> **Exercise description**:
Please output the data exactly, minus pictures.

> **Stored data**:
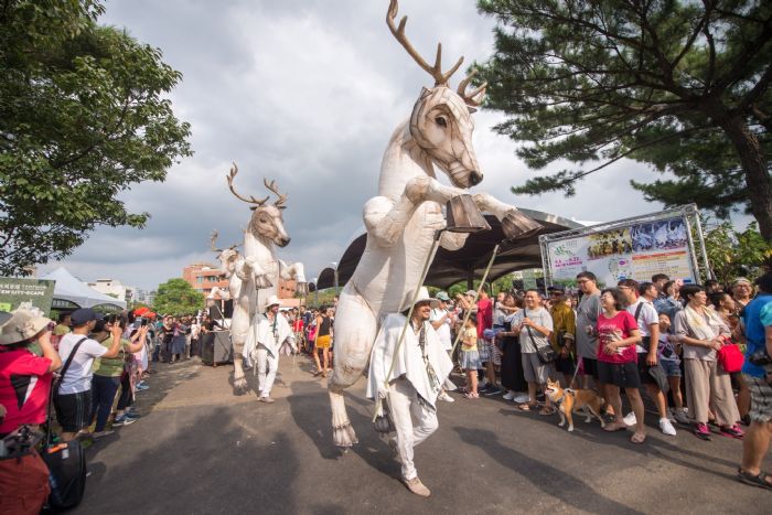 桃園市長鄭文燦7日下午前往在八德區大湳森林公園舉辦的桃園地景藝術節,欣賞法國Remue-Ménage馬戲團《麋鹿森林》等表演活動。鄭市長表示,2019桃園地景藝術節總計展出34組作品,包括繪畫、雕塑、建築、設計等藝術創作,活動期間也以大地舞台、森林舞台、水廣場等為演出據點,邀集3團國外著名表演團隊,以及16團國內優質表演團隊,展現新馬戲、音樂、舞蹈及戲劇等豐富表演,歡迎大家攜伴或親子共遊,到地景藝術節看表演、品藝術。
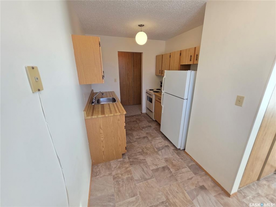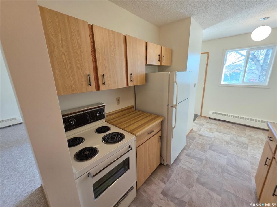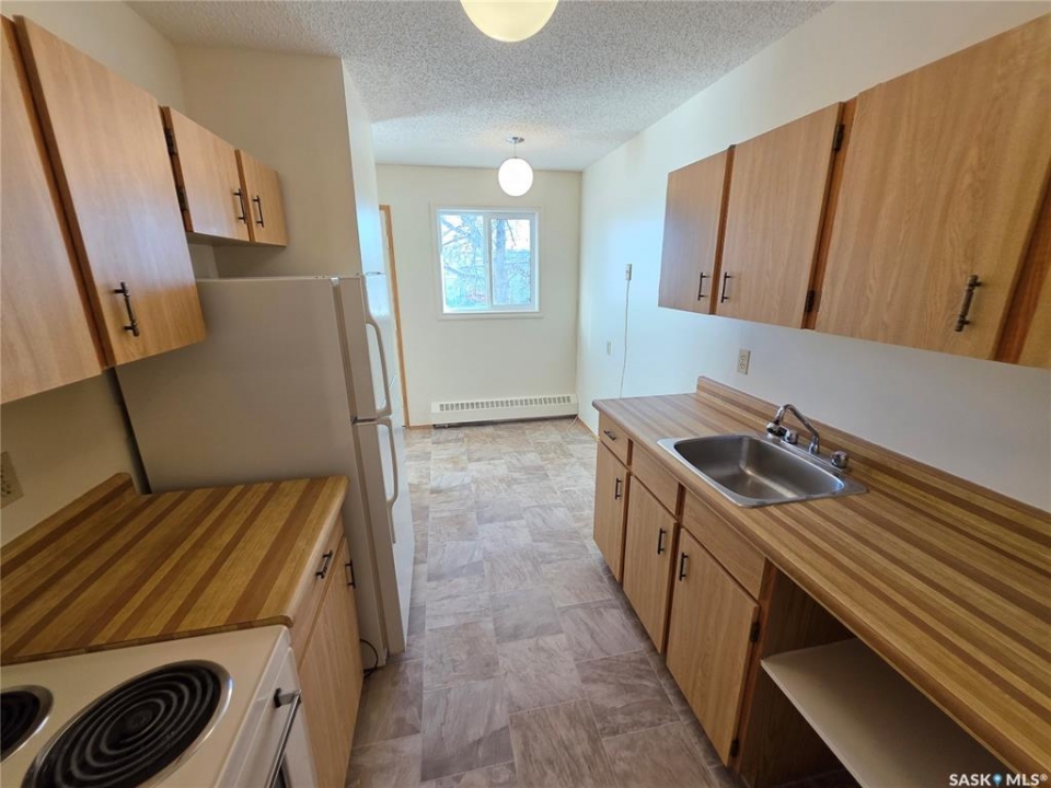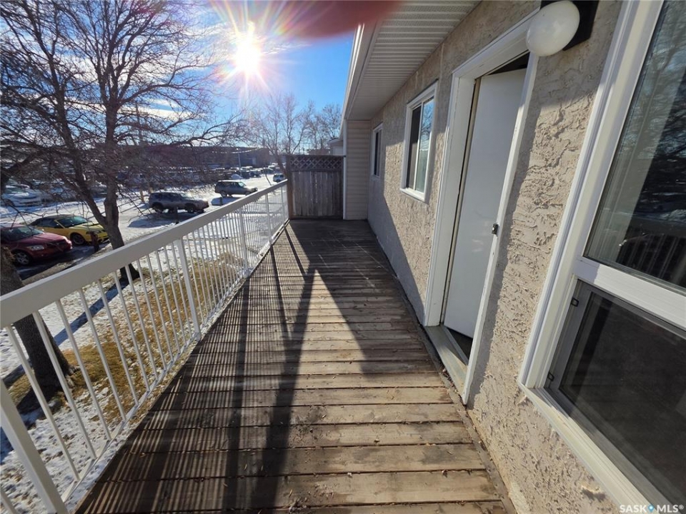 Recently renovated with fresh paint and flooring 1-bedroom, 1-bathroom upper floor end unit garden style condo with large balcony and storage room. This unit is ready to move-in and suited for a first-time buyer, downsizer, or investor. Offers a spacious bedroom and in-suite laundry. Located in Moose Jaw's N.W. neighbourhood, you will have the luxury of being close to all shopping needs; walking paths and public transport stops just a few steps from the front door! Your private parking stall is conveniently located just out front of the unit.
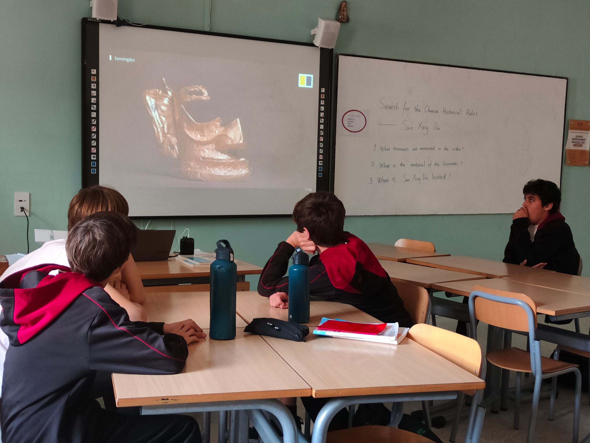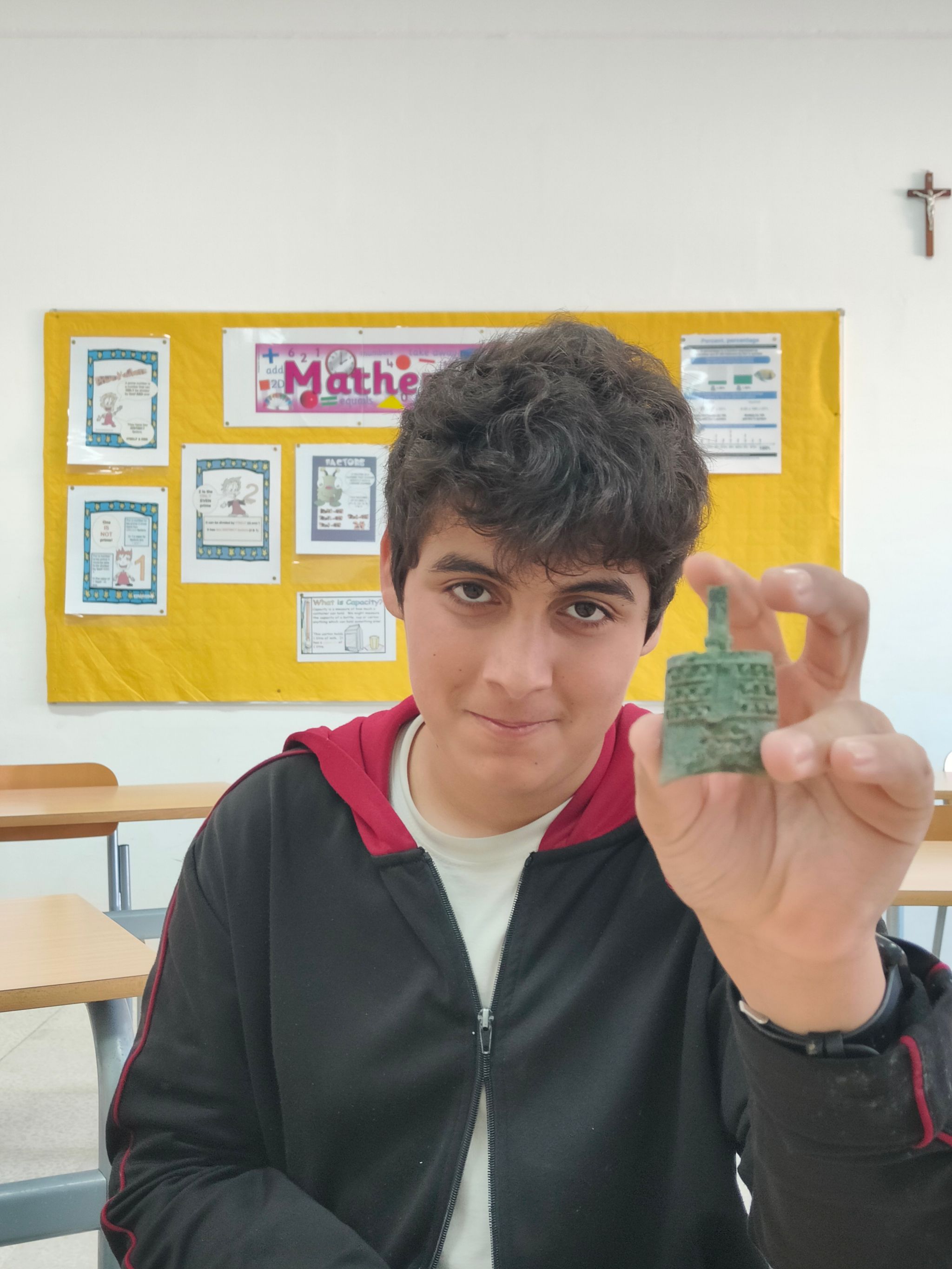 借此契机,马耳他大学孔院的柴晓霄、李小雨和吴思薇老师策划了一场随堂考古体验活动。活动在St. Aloysius、St. Martin、St. Clare三所中学的中文班开展。老师们一边播放视频,一边讲解,向大家重点介绍了三星堆遗址的发掘,同时也介绍了四羊方尊、司母戊鼎和编钟的相关历史。同学们看着视频中的三星堆青铜树和巨大的青铜面具,一方面惊讶于中国古人的制造技术,另一方面也在疑惑为什么三星堆青铜物件的形象都如此不同寻常。初步了解了三星堆文化之后,大家纷纷表示,如果以后有机会去四川,除了大熊猫,一定要去三星堆博物馆看看。
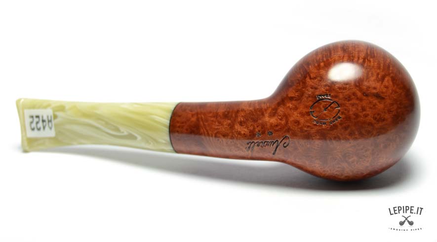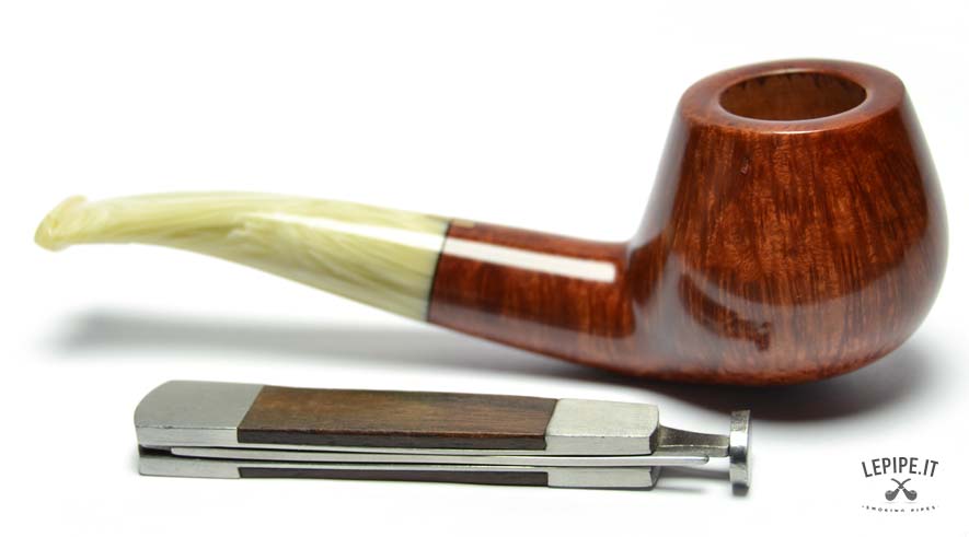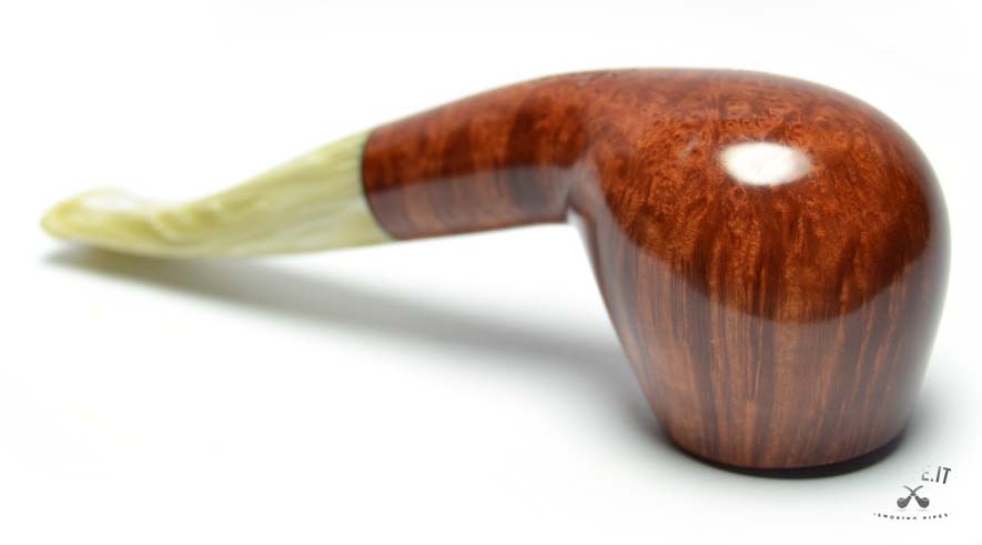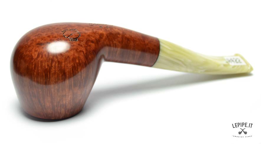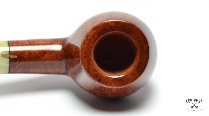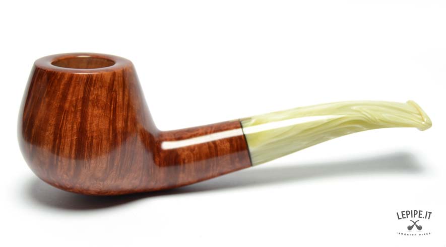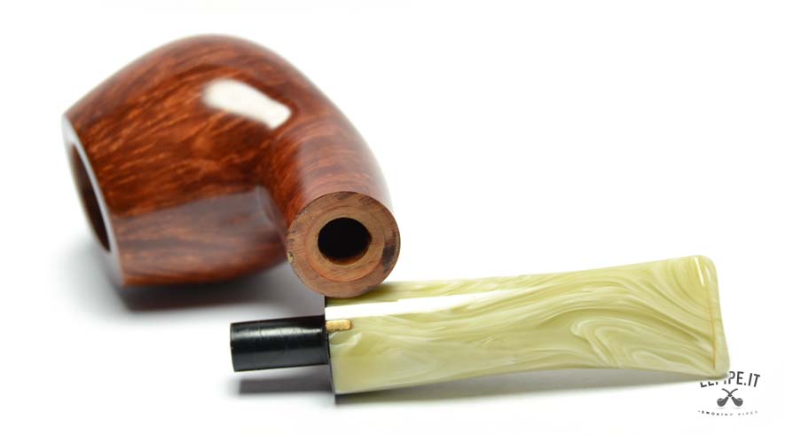 Il bocchino in metacrilato marezzato, con sfumature avorio e crema, aggiunge un tocco di unicità e si integra armoniosamente con il design della pipa. La curvatura leggera garantisce un'ottima ergonomia, rendendo la fumata ancora più piacevole e rilassata.

> **Written response**:
 桃園市長鄭文燦7日下午前往在八德區大湳森林公園舉辦的桃園地景藝術節,欣賞法國Remue-Ménage馬戲團《麋鹿森林》等表演活動。鄭市長表示,2019桃園地景藝術節總計展出34組作品,包括繪畫、雕塑、建築、設計等藝術創作,活動期間也以大地舞台、森林舞台、水廣場等為演出據點,邀集3團國外著名表演團隊,以及16團國內優質表演團隊,展現新馬戲、音樂、舞蹈及戲劇等豐富表演,歡迎大家攜伴或親子共遊,到地景藝術節看表演、品藝術。
 Recently renovated with fresh paint and flooring 1-bedroom, 1-bathroom upper floor end unit garden style condo with large balcony and storage room. This unit is ready to move-in and suited for a first-time buyer, downsizer, or investor. Offers a spacious bedroom and in-suite laundry. Located in Moose Jaw's N.W. neighbourhood, you will have the luxury of being close to all shopping needs; walking paths and public transport stops just a few steps from the front door! Your private parking stall is conveniently located just out front of the unit.
 借此契机,马耳他大学孔院的柴晓霄、李小雨和吴思薇老师策划了一场随堂考古体验活动。活动在St. Aloysius、St. Martin、St. Clare三所中学的中文班开展。老师们一边播放视频,一边讲解,向大家重点介绍了三星堆遗址的发掘,同时也介绍了四羊方尊、司母戊鼎和编钟的相关历史。同学们看着视频中的三星堆青铜树和巨大的青铜面具,一方面惊讶于中国古人的制造技术,另一方面也在疑惑为什么三星堆青铜物件的形象都如此不同寻常。初步了解了三星堆文化之后,大家纷纷表示,如果以后有机会去四川,除了大熊猫,一定要去三星堆博物馆看看。
 Il bocchino in metacrilato marezzato, con sfumature avorio e crema, aggiunge un tocco di unicità e si integra armoniosamente con il design della pipa. La curvatura leggera garantisce un'ottima ergonomia, rendendo la fumata ancora più piacevole e rilassata.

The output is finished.